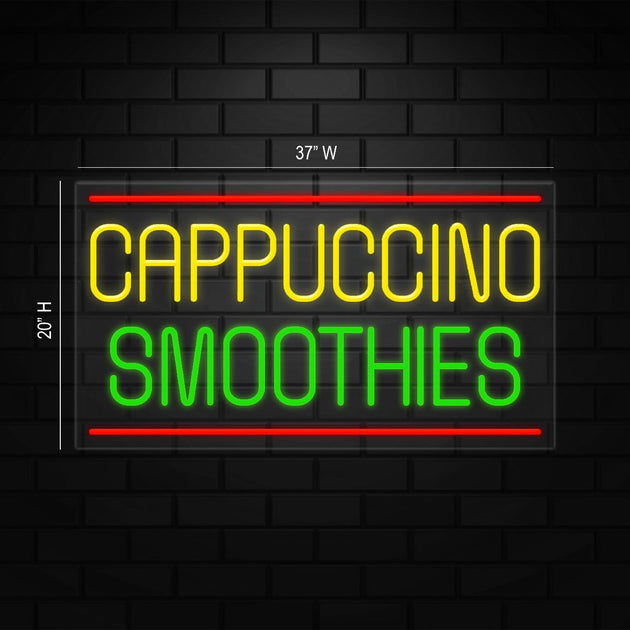 Cappuccino Smoothies Sign for Business | LED Flex Neon | 37"W x 20"H x 1"D
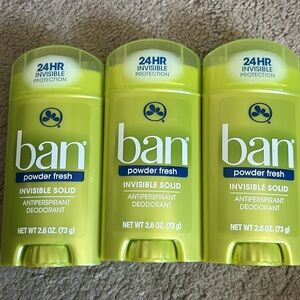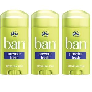 Ban Invisible Solid Antiperspirant Deodorant for Women and Men, 24-Hour Underarm Odor & Sweat Protection, Powder Fresh, 2.6 Oz, Pack of 3
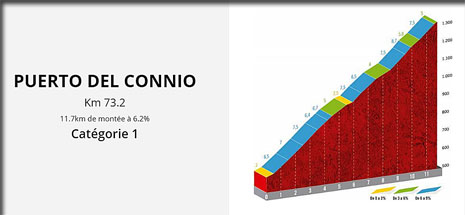 Résultat au sommet du Puerto del Connio (1re caté, km 73,2)
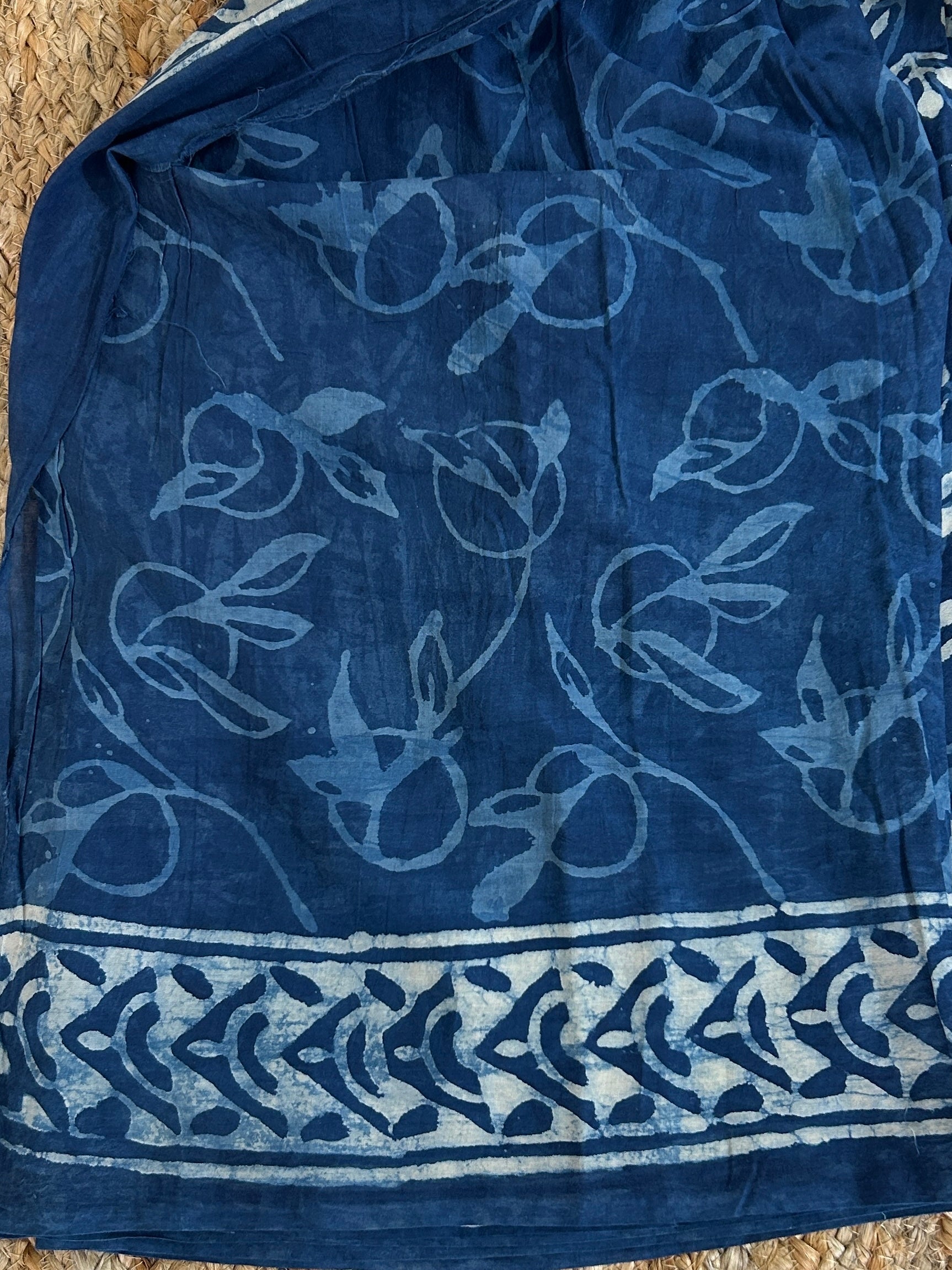 Indigo Cotton Hand BlockPrint Saree with Blouse
###
▸ Assignment: The answer must consist solely of the lines from the line containing "Résultat au sommet" to the end of the data, reproduced exactly, with every picture left out.

▸ Reply:
 Résultat au sommet du Puerto del Connio (1re caté, km 73,2)
 Indigo Cotton Hand BlockPrint Saree with Blouse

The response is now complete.